Task statement → Starting at the line holding "Moreover, we evaluated" and finishing at the line holding "Il piacere acustico, oltre", transcribe the material exactly, keeping both ends but no pictures.

Record set →
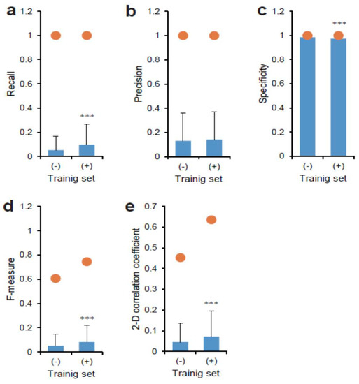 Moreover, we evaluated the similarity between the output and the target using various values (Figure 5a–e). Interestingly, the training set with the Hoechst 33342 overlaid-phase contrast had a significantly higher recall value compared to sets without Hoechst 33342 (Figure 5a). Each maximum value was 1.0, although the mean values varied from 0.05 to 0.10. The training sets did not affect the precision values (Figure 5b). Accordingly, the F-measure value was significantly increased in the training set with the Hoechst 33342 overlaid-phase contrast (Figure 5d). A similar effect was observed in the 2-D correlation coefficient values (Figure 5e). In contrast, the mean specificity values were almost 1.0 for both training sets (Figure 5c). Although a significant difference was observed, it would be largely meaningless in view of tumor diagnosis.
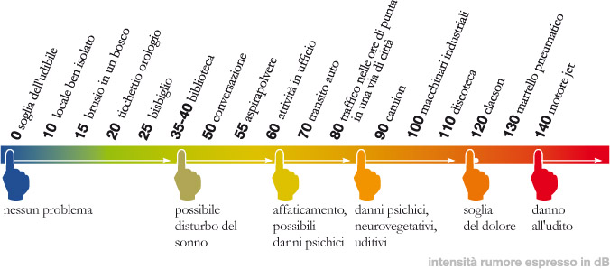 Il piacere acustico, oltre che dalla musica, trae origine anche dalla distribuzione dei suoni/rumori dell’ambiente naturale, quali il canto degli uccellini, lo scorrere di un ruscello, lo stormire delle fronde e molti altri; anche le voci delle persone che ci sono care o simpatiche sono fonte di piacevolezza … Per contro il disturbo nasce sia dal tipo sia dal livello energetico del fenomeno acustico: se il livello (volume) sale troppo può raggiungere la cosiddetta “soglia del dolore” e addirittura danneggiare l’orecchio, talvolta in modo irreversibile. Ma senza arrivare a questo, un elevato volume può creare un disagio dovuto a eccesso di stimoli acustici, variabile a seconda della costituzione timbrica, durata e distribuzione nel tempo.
...
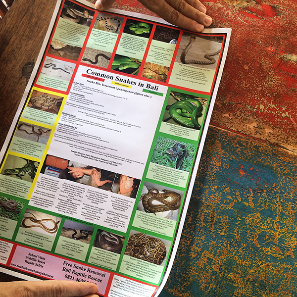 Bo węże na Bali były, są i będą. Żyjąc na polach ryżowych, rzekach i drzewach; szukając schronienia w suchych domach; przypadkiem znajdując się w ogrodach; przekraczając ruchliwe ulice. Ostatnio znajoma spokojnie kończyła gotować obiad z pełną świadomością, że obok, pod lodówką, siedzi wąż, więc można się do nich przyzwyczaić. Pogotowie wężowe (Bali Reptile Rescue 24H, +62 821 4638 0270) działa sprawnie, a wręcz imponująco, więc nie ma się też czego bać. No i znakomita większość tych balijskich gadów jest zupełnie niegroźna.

Solution to the problem →
 Moreover, we evaluated the similarity between the output and the target using various values (Figure 5a–e). Interestingly, the training set with the Hoechst 33342 overlaid-phase contrast had a significantly higher recall value compared to sets without Hoechst 33342 (Figure 5a). Each maximum value was 1.0, although the mean values varied from 0.05 to 0.10. The training sets did not affect the precision values (Figure 5b). Accordingly, the F-measure value was significantly increased in the training set with the Hoechst 33342 overlaid-phase contrast (Figure 5d). A similar effect was observed in the 2-D correlation coefficient values (Figure 5e). In contrast, the mean specificity values were almost 1.0 for both training sets (Figure 5c). Although a significant difference was observed, it would be largely meaningless in view of tumor diagnosis.
 Il piacere acustico, oltre che dalla musica, trae origine anche dalla distribuzione dei suoni/rumori dell’ambiente naturale, quali il canto degli uccellini, lo scorrere di un ruscello, lo stormire delle fronde e molti altri; anche le voci delle persone che ci sono care o simpatiche sono fonte di piacevolezza … Per contro il disturbo nasce sia dal tipo sia dal livello energetico del fenomeno acustico: se il livello (volume) sale troppo può raggiungere la cosiddetta “soglia del dolore” e addirittura danneggiare l’orecchio, talvolta in modo irreversibile. Ma senza arrivare a questo, un elevato volume può creare un disagio dovuto a eccesso di stimoli acustici, variabile a seconda della costituzione timbrica, durata e distribuzione nel tempo.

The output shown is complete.